Anyone who says this is union busting.
Anyone who says this is union busting.
I hear it often from people, especially during the train strikes, often paired with them saying how they have bad working conditions and poor pay too. I generally try to help them understand that if you have union envy that’s a problem with your organisation, not theirs.
Collective action works. It has changed the world before, and will do again. There is a reason why all these employers are scared of it.
Because the term means real things that can be legally fought against. If you misuse the term and teach others to misuse it, it’s is more likely that other people will react incorrectly to challenges faced.
An easy way to undermine a movement is to look at people who are saying factually incorrect things to make their point and say “see? They don’t know what they’re talking about. Don’t listen to them”. And boom you’ve now made it easier to convince anyone on the fence to side against you.
It’s a really easy and common divide and conquer strategy.
If you want to help people while firing them up, then feed them the real information about union busting and how companies are actually doing it.
Saying that “strikes will cause disruption” is not union busting in any sense of the word.
It’s the consequence for shitty company practices and how workers get to be heard. It’s literally the point of a strike. It’s stating a fact.
The police are a joke.
The Police Union is one of the strongest unions in the country - so powerful, they protect their workers who literally commit murder.
Then these same folks protect millionaires and harass workers trying to unionize.
I believe that’s how the Japanese bus and/or train station workers strike.
There is no disruption to people getting to work, but a huge disruption to cash flow.
Only in Japan.
Doubt we can see it happening anywhere else because I can see in America, they can call that theft and a fireable offense. Can’t retaliate without a union either. And can’t be sued because the framing is still “stealing”, which the court system LOVE defending corps when the small guy steals.
There was a strike at my supermarket a few months ago, and some Nextdoor Karens’ went:
“During the start of the school season?!”
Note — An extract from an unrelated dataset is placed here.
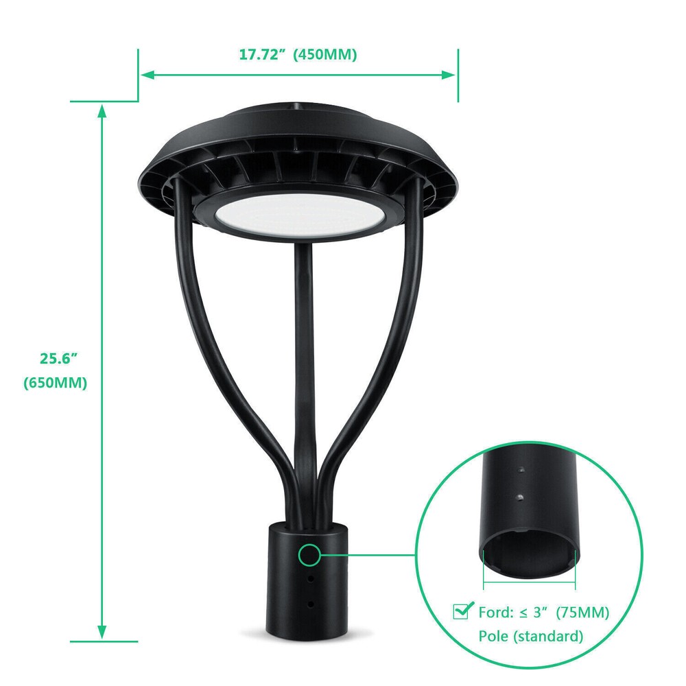 Product Description 100W Post Top Light LED Circular Area Light Garden Street Road IP65 Waterproof Light Up Larger Area - The 100w light post bring 13500Lm with SMD3030 chips, up to 135lm/watt, AC 100-277V universal voltage and 120°beam angle. 5000K color temperature of lighting is a nice choice for street light illumination. Anti-shock, anti-moisture, no glare, no strobe light, no ghosting, protecting your eyes. Excellent Performance - High power factor >0.9, more than 50000hours lifespan, reduce your electricity consumption, save your electronic bill. Provides a continuous, efficient outdoor lighting environment. Commercial Grade Material - The DLC/ETL Listed post pole light fixture made of die-casting aluminum body + protective glass cover. The scientific design helps the exterior light post top to dissipate better, achieve the best use of the led lighting post. IP65 waterproof for drying, wet environment, sandstorms, snowstorms, and harsh weather conditions. Wide Application - The circular post top design give the lamp a uniform brightness and can be applied to a variety of outdoor scences, such as pathway, street, front yard, city expressway, trunk/rustic road, factories, playground, school, garden, courtyard, parking lot, public park, walkway, exterior, driveway, store, farmyard or any other commercial and industrial area. Installation and Warranty - The pole mount of our post area light fits for a 2 3/8-inch OD tenon & less than or equal to 3 inch standard pole, very easy to install and transfor(Please see the video on the product page for more installation info). KUKUPPO offer you lasting safety and reliability backed by a 5-year warranty. For a bulk order, email us in advance to get a different offer. Specifications: Rated Wattage: 100W Luminous Flux: 13500Lm Color Temperature: 5000K Protection Grade: IP65 Material : Aluminum Body+Glass Cover Input Voltage : AC100-277V 50/60Hz Dimension: Dia 460x625 mm Base: 2 Pins Wire Power Factor: >90% Beam Angle : 120 degrees Average Lifetime : More than 50000 hours Flexible Installation The pole mount of our post area light fits for a 2 3/8-inch OD tenon & less than or equal to 3 inch standard pole, very easy to install and transfor Commercial Grade Material DLC/ETL Listed quality. Scientific design helps the exterior light post top to dissipate better, achieve the best use of the led lighting post. Durable Support Rod Made of thick aluminum, stable and strong, waterproof and rustproof. High performance quality provides with lasting safety and reliability. Ultra Bright LED Chips With SMD3030 chips, up to 140lm/watt. Anti-shock, anti-moisture, no glare, no strobe light, no ghosting, protecting your eyes. Kindly Note Please note that the light can not be used IN the water. Please confirm the wire connection is right while installing. About Us Payment Shipping Returns Contact Us SHENZHEN NUOGUAN TECHNOLOGY CO. LTD founded in 2010. We are high-technology comany specialized in manufacture Commercial and industrial LED light. Advanced production equipment and excellend R&D ability help us to combining service ,production sell together provide top-level products to our customers. 1. Payment is expected within 7 days of auction close. Or Unpaid Items will be forfeited per eBay . 2. Taxes may be applicable at checkout as states adopt new laws and regulations regarding sales tax collection. 1. We ONLY ship to USA . 2. Orders processed within 1-2 business day of payment verification. There’s no Delivery service or courier service on Saturdays, Sundays or Public Holidays. 3. We have 3 different warehouse in US,so due to stock status and time differences, we will choose to ship your item from our first available warehouse for fast delivery. 4. We offer Free Shipping within the Lower 48 states! All packages are sent via UPS or USPS.The delivery time for UPS Ground is typically 2-5 business days. We strive to ensure 100% satisfaction for each and every one of our customers. we offer a 30-day 100% money-back guarantee on all eBay orders. If your item isn't just as you wished, simply send it back to us and we'll refund or replace your item. Please note that all returns must be authorized by our Customer Service department. please contact us though message first if you have any problem. USA Warehouse. Fast shipping! We are appreciated your purchasing form our eBay store. Office Time: 9:30 - 18:30, Monday - Saturday (UTC+8) Please contact us with eBay Message. We will respond you within 24 hours on business day. About Us SHENZHEN NUOGUAN TECHNOLOGY CO. LTD founded in 2010. We are high-technology comany specialized in manufacture Commercial and industrial LED light. Advanced production equipment and excellend R&D ability help us to combining service ,production sell together provide top-level products to our customers. Payment 1. Payment is expected within 7 days of auction close. Or Unpaid Items will be forfeited per eBay . 2. Taxes may be applicable at checkout as states adopt new laws and regulations regarding sales tax collection. Shipping 1. We ONLY ship to USA . 2. Orders processed within 1-2 business day of payment verification. There’s no Delivery service or courier service on Saturdays, Sundays or Public Holidays. 3. We have 3 different warehouse in US,so due to stock status and time differences, we will choose to ship your item from our first available warehouse for fast delivery. 4. We offer Free Shipping within the Lower 48 states! All packages are sent via UPS or USPS.The delivery time for UPS Ground is typically 2-5 business days. Returns We strive to ensure 100% satisfaction for each and every one of our customers. we offer a 30-day 100% money-back guarantee on all eBay orders. If your item isn't just as you wished, simply send it back to us and we'll refund or replace your item. Please note that all returns must be authorized by our Customer Service department. please contact us though message first if you have any problem. Contact Us USA

Like it’s not supposed to be CONVENIENT.
When I heard it was forced back my first thought was ‘well that doesn’t help for Xmas stuff anymore, so why not just make a proper deal? It seems like a lose lose for the government’. The prime time was already delayed so figure it out.
For the non Canadians I’m pretty sure they were working to make sure benefit cheques and such got through, so hopefully things like that weren’t delayed cause I do recognize how awful that can be for those that need it.
At first, it may look like its the fault of the people striking, but when you really think about it, they wouldn’t have to strike if they were paid fairly and have a safe work environment, so any issues caused by a strike is really just the employer’s fault.
TLDR: Blame their employers, not the people going on strike.
This is the rule for any strike, anywhere, in any industry. When people take a stand instead of taking a paycheck, it means their situation was literally unworkable.
There’s never been a strike where management was in the right.
Technically the point of the strike is to force the business to succeed.
It being disruptive literally benefits nobody, but the ball is in the business’ court to end it.